14 Ekim 2016
Sayı: KB 2016/38

Dinci-mezhepçi iktidar içeride OHAL’ci dışarıda yayılmacı
Erdoğan-Putin görüşmesi üzerine
Katliamcı devlet rutini!
Katil devlet anmalara saldırdı
Katliam zincirinin yeni halkası Yüksekova
Greif işçisi toplu sözleşme sürecinde inisiyatifi ele almalıdır
“Greif Direnişi’nin açtığı yoldan, örgütlenmeye, birlik olmaya çağırıyoruz”
Ankara İşçi Meclisi toplandı
Tüpraş ve Petkim’de toplu sözleşme süreci
2017 Metal TİS sürecine giderken...
ABD’nin Musul seferi: IŞİD bahane, her şey petrol için!
Bir dönemin sonu: FARC-Santos “barış” anlaşması
Gericiliğin prangalarını kırmak için mücadeleye!
Bu kavgada biz de varız!
İÜ'de DGB’lilere gözaltı terörü
Öğrenci yurtlarında büyüyen sorunlar
TV, radyo ve basına dönük saldırıların arka planı
Hapishanelerde faşist baskı ve hak gaspları yoğunlaşıyor
“Saadet Hanım” tiyatro oyunu üzerine bir eleştiri
"Başka yol yok" direneceğiz!
Bu sayının PDF formatını download etmek için tıklayın

 

Bir dönemin sonu: FARC-Santos “barış” anlaşması

K. Ali

 

Yarım asrı geride bırakan bir çatışma, asıl olarak da yoksul köylü hareketinin öncü gücü olarak ortaya çıkan Kolombiya Devrimci Silahlı Kuvvetleri (FARC) ile Kolombiya sermaye devleti arasındaki savaş‚ “barış” anlaşmasıyla sonuçlandı. Yapılan barış anlaşmasının çok düşük bir katılımın yaşandığı referandumla ve yine çok az bir farkla reddedilmiş olması, yapılan anlaşmanın ideolojik-politik anlam ve önemini değiştirmiyor. (Referanduma katılımın yüzde 37’de kaldığına ve bunun ülkede son 20 yıldır yapılan seçimlerdeki en düşük katılım anlamına geldiğine dikkat çekiliyor.
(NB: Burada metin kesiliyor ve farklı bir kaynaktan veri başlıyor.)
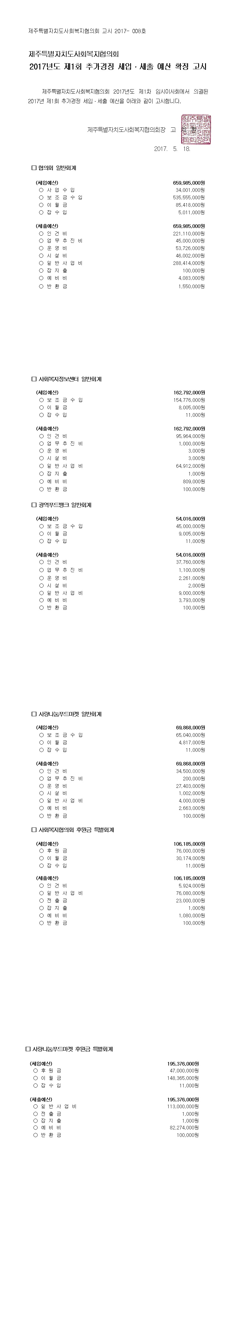 2017년도 제1회 추가경정 세입세출 예산고시

Anlaşma 63 bin gibi çok az bir farkla reddedildi. Ülke nüfusunun 50 milyon civarında olduğu dikkate alınırsa bu durum daha iyi anlaşılır.)

Referanduma katılım ve sonuçlarına dair yeterince bilgi ile yarım asırlık çatışmaların tarihi medyada genişçe yer almış bulunuyor. Bu ayrıntılardan çok anlaşmanın sınıf mücadeleleri, devrimci strateji, örgüt ve politikalar bakımından taşıdığı önem bizleri ilgilendiriyor, ilgilendirmek zorundadır. (Burada yalnızca kapitalist tekellerin sponsorluğunda dağıtılan Nobel Barış Ödülü’nün bu yıl, Kolombiya Cumhurbaşkanı Juan Manuel Santos’a verildiğini ideolojik-politik öneminden dolayı bir kenara kaydetmiş olalım.)

“Yenişemedik, eşit koşullarda masaya oturduk”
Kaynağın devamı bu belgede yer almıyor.